Background: Craniopharyngiomas are epithelial tumors of the suprasellar region, unanimously defined as benign. Despite the benign histological aspect and apparent gross total resection achieved in a proportion of cases, recurrence rate remains about 30% at 10 years. The role of 7 pathological factors as predictors of recurrence and clinical outcome in craniopharyngioma patients is controversial, as well as the prognostic role of the evaluation of proliferation potential.
Material and methods: In the present study, the proliferation potential of 37 craniopharyngiomas was investigated by analyzing the pattern of Ki-67-MIBI immunoreactivity; the data have been analyzed in relation to age of the patient, histologic type (adamantinomatous/squamous papillary), microscopic and cytochemical features.
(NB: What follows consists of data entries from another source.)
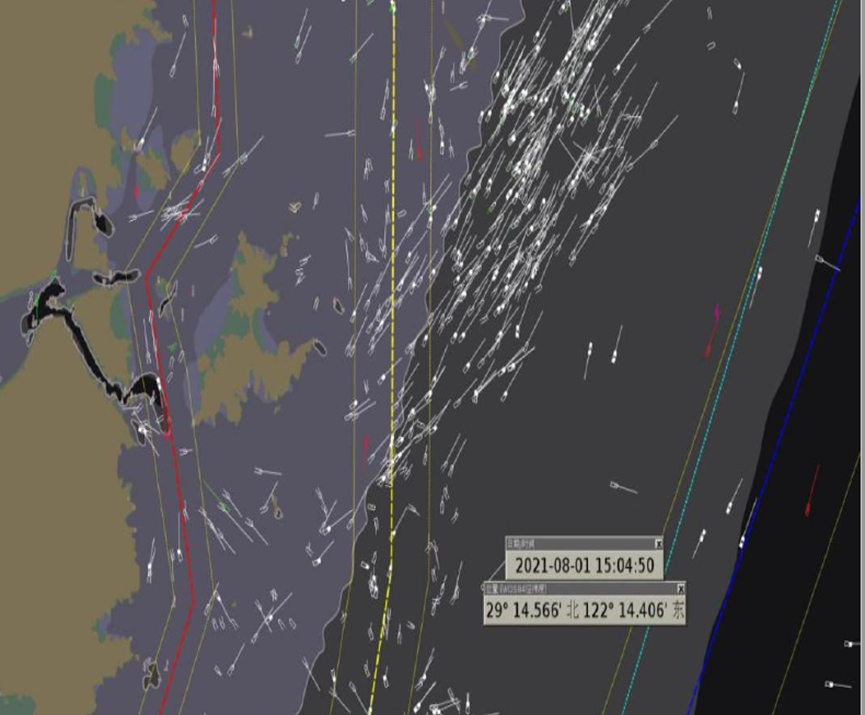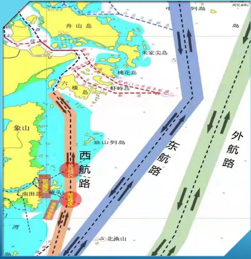 东航路特点:东航路(宁波段)自虾峙门口外深水航槽东侧,经象山沿海水域驶出宁波沿海,主要服务进出长江的船舶以及万吨级左右的南北航线船舶。相比于西航路和外航路,东航路具有船舶流量大、船舶种类多、渔船作业频繁的特点,且紧接虾峙门口外深水航槽、条帚门推荐航线,交汇态势纵横交错。
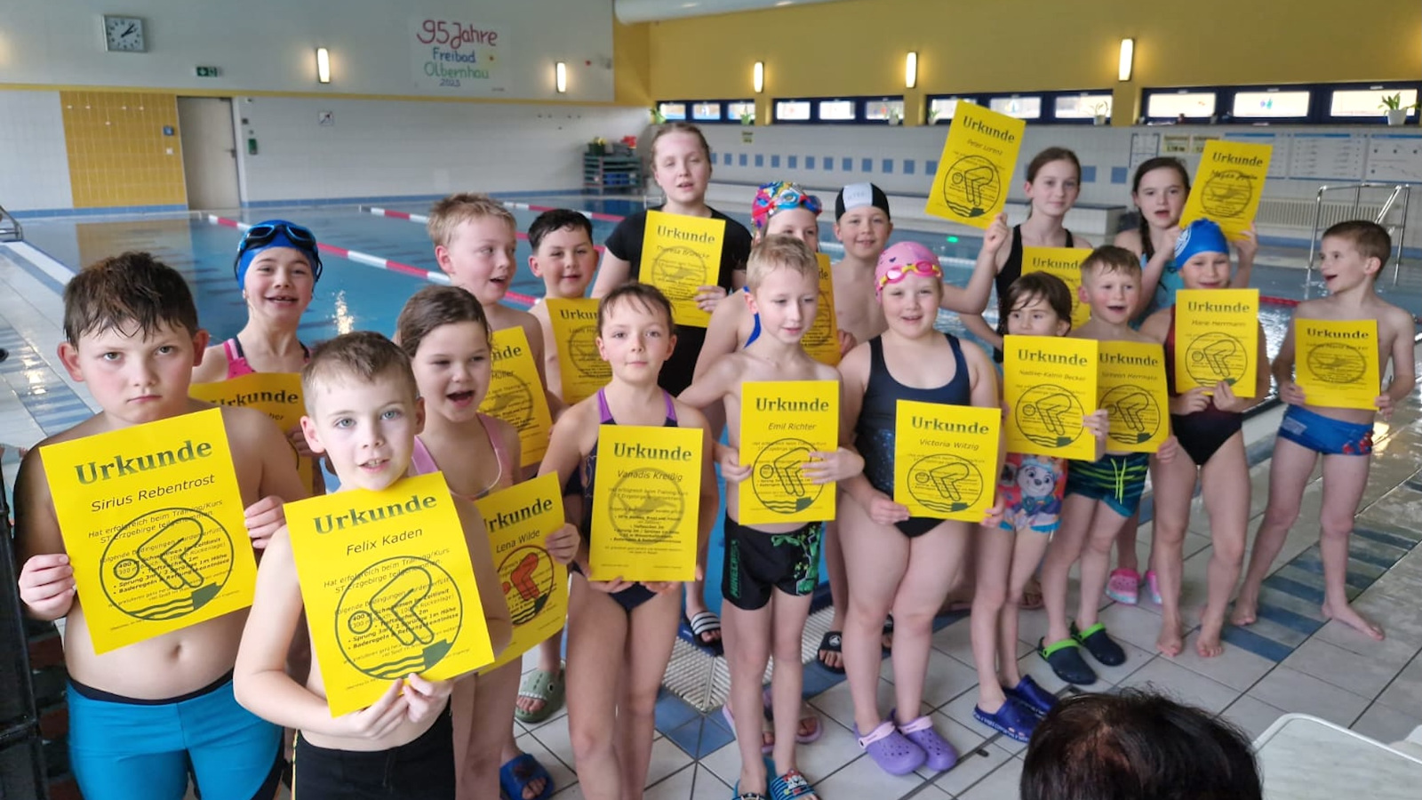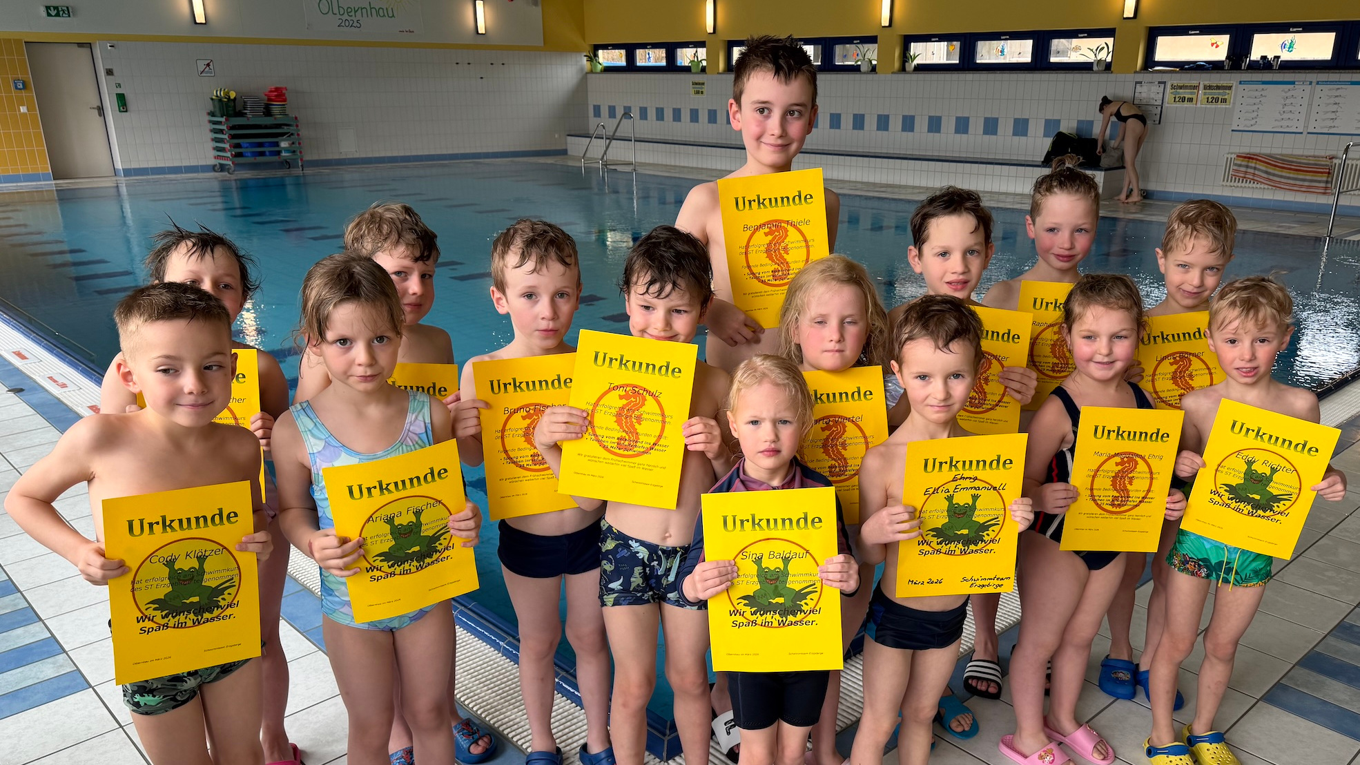 In dieser Woche konnten rund 40 Kinder aus unserem Schwimmteam erfolgreich ihr erstes Schwimmabzeichen – das Frühschwimmerabzeichen „Seepferdchen“ – ablegen. Seit Januar haben die Kinder gemeinsam mit viel Fleiß und Ausdauer trainiert und sich Schritt für Schritt ihrem Ziel genähert. Umso größer ist nun die Freude über den verdienten Erfolg!
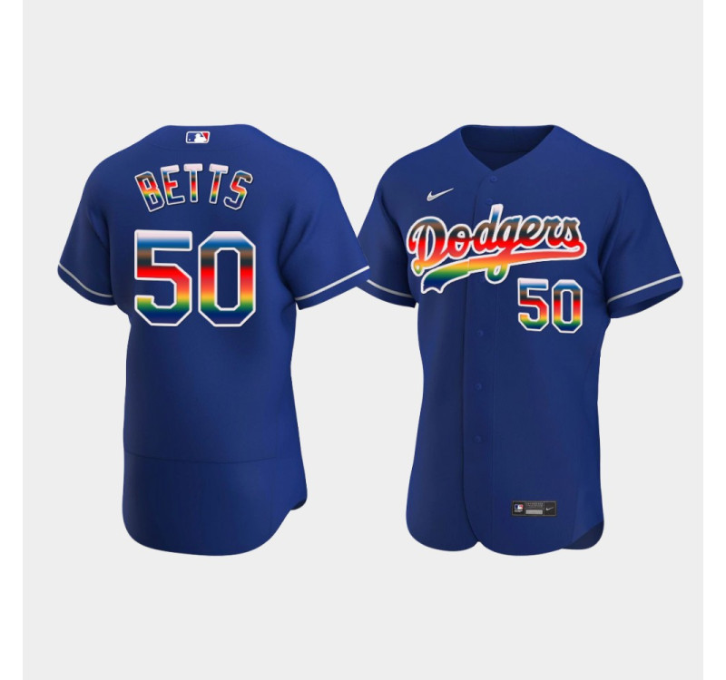 - #50 Mookie Betts Dodgers Men's Royal On-Field 2022 Pride Month Edition Jersey

Results: Craniopharyngiomas operated in adults have a higher MIB-1-LI than those of children; the epithelial cells abutting the stromal cysts are engaged in the cell cycle, while this is not the case for the cells abutting the nervous tissue; MIB-1-LIs of adamantinomatous craniopharyngiomas are not different from those of squamous papillary craniopharyngiomas, the localization of MIB-1-positive nuclei is different in the 2 craniopharyngioma types, non-epithelial cells proliferate in the stromal component of craniopharyngiomas.
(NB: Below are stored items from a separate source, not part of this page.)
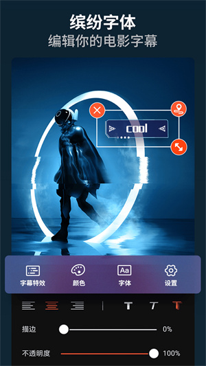 视频字幕:缤纷视频支持添加字幕,还能自由控制字幕的时间轴,同时具备字幕描边和滚动字幕功能,让文字的呈现更具吸引力与表现力。
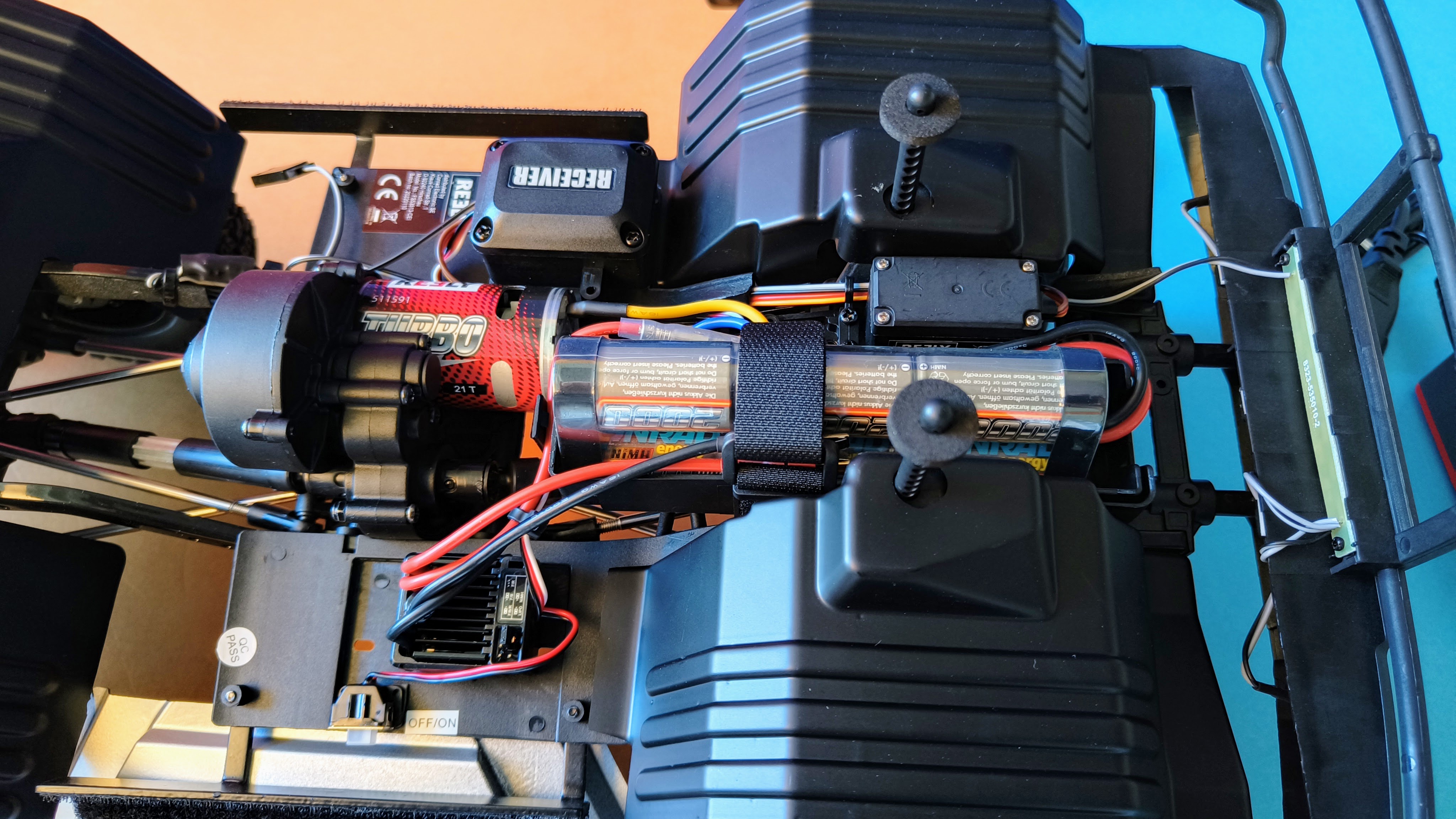 Um die Karosserie abzunehmen, löst man sechs Klemmen an der Motorhaube und der Ladefläche sowie die beiden Klettverschlüsse an den Seiten des Chassis. Darunter findet sich der Elektromotor sowie der Akku, der von einem Klettverschluss zusätzlich in einer Wanne fixiert ist. Die Elektronik ist spritzwassergeschützt. Es spricht also nichts dagegen, auch bei Regen oder auf feuchtem Untergrund eine Spritztour durchs Gelände zu machen. Nach Benutzung darf man sich allerdings auf einige Putzarbeiten gefasst machen, da das Innere nicht vollständig abgeschirmt ist durch die Karosserie. Sollte sich das Fahrzeug überschlagen, schützt ein Überrollkäfig in der Pritsche vor größeren Schäden.
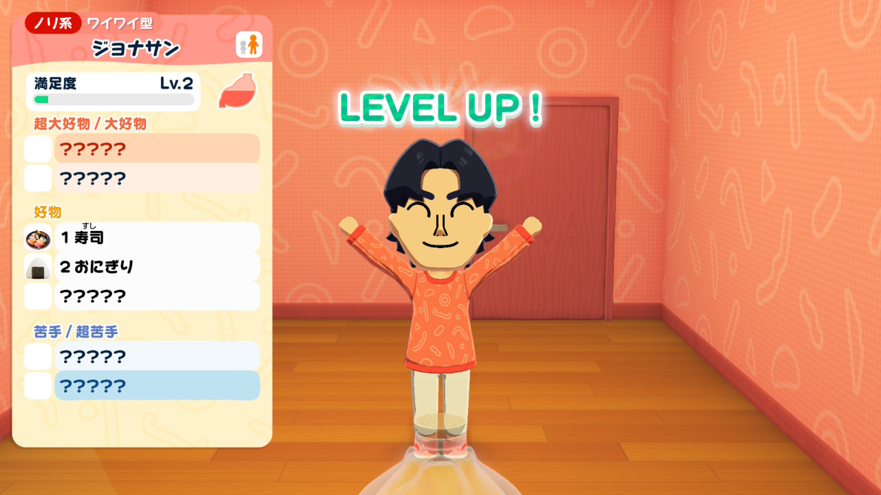 満足度のゲージが満タンになると、住人がレベルアップします。
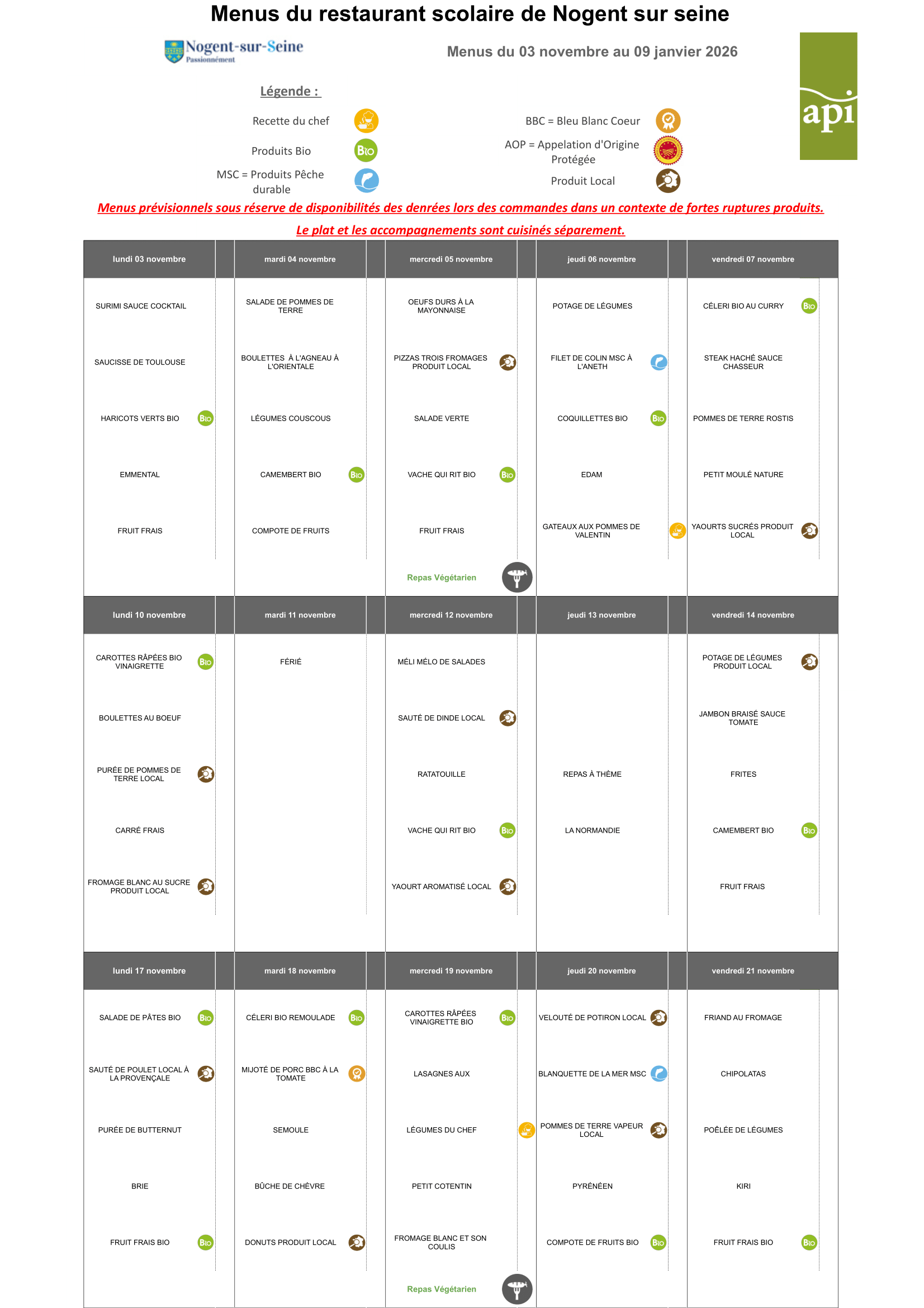 Voir l'image agrandie MENUS RESTAURANT SCOLAIRE DU 03/11/2025 AU 09/01/2026Michael Defosse2025-10-24T13:59:05+01:00Share This Story, Choose Your Platform!FacebookXRedditLinkedInTumblrPinterestVkEmail Articles similaires

Conclusions: By analyzing these data while considering all available information on the efficacy of surgery and radiotherapy, the proliferation potential of craniopharyngiomas, when evaluated by MIB-1, has no role in the outcome. The very low MIB-1-LI of the intracerebral tumor growth indicates that uncompletely resected tumor remnants do not represent an active starting point of recurrence.